| ASSIGNED TASK |
Give again only the lines from the line that holds "Nighthawk R7000讓802.11 g/n/ac" to the end of the data, inclusive, omitting all pictures.

:: EXERCISE MATERIALS

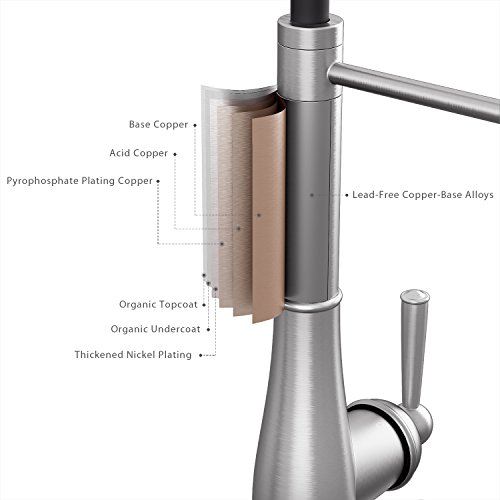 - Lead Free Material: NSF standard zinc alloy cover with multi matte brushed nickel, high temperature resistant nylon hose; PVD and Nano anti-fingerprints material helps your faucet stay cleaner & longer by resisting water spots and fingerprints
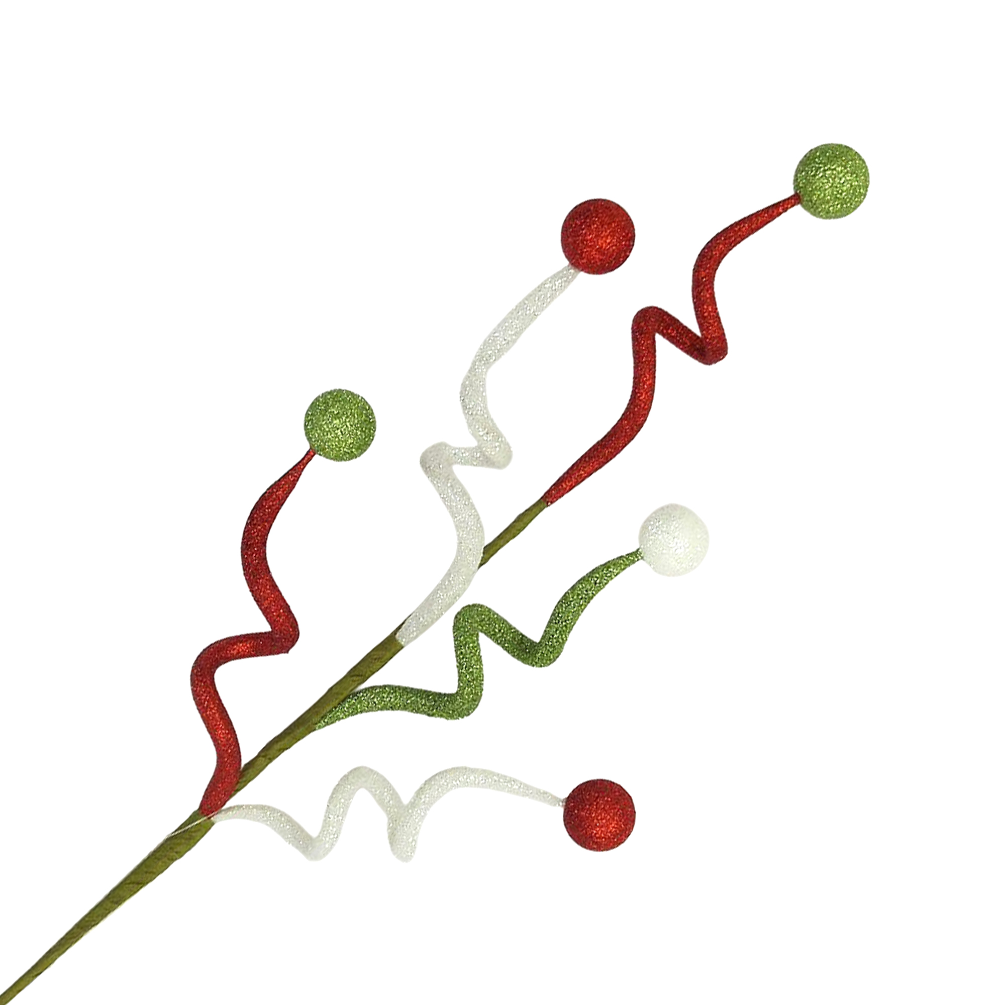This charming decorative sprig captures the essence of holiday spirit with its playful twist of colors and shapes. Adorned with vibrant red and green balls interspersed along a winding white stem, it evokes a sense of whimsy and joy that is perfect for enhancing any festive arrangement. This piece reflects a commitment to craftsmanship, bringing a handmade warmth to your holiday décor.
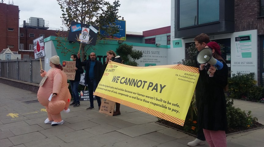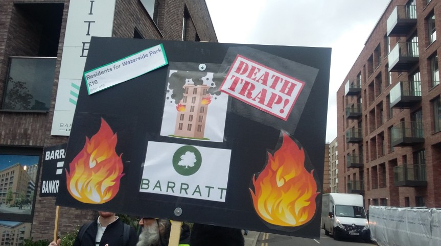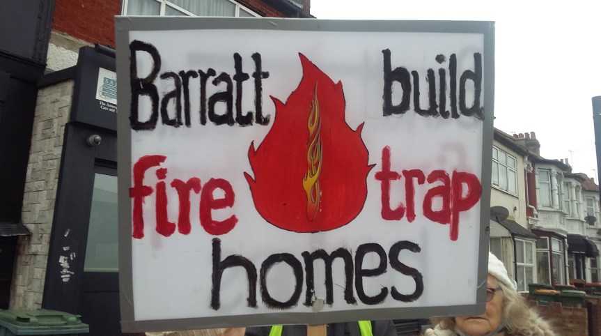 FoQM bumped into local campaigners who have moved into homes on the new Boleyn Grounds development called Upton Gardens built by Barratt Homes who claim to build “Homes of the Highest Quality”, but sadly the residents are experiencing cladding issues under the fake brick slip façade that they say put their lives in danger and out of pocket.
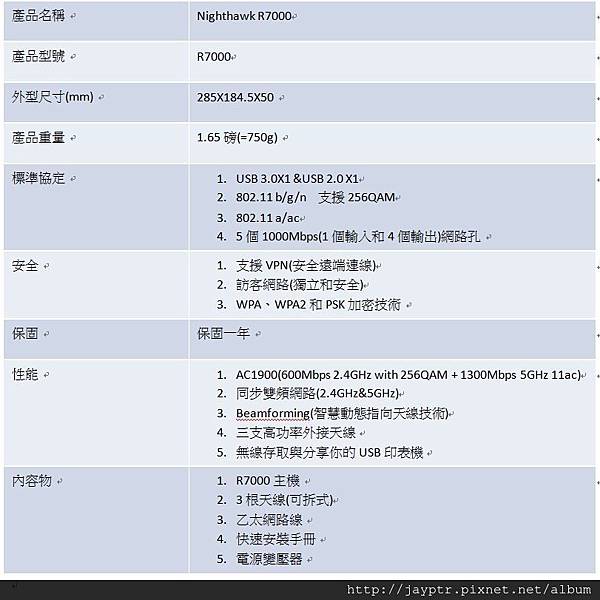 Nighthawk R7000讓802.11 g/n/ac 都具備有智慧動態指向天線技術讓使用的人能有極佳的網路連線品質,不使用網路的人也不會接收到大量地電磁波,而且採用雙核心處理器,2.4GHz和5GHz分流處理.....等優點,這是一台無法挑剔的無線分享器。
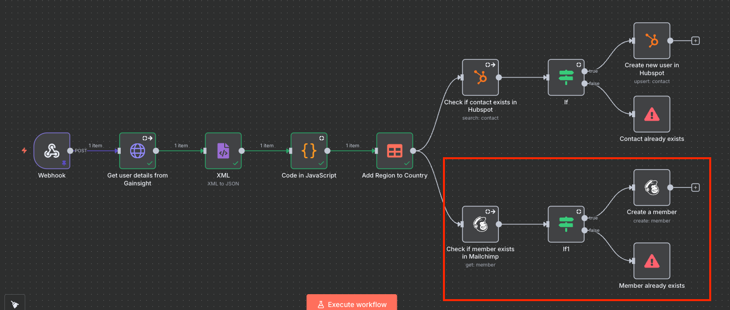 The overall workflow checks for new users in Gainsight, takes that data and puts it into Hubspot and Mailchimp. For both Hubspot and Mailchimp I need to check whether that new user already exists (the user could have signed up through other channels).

::::

| EXERCISE OUTPUT |
 Nighthawk R7000讓802.11 g/n/ac 都具備有智慧動態指向天線技術讓使用的人能有極佳的網路連線品質,不使用網路的人也不會接收到大量地電磁波,而且採用雙核心處理器,2.4GHz和5GHz分流處理.....等優點,這是一台無法挑剔的無線分享器。
 The overall workflow checks for new users in Gainsight, takes that data and puts it into Hubspot and Mailchimp. For both Hubspot and Mailchimp I need to check whether that new user already exists (the user could have signed up through other channels).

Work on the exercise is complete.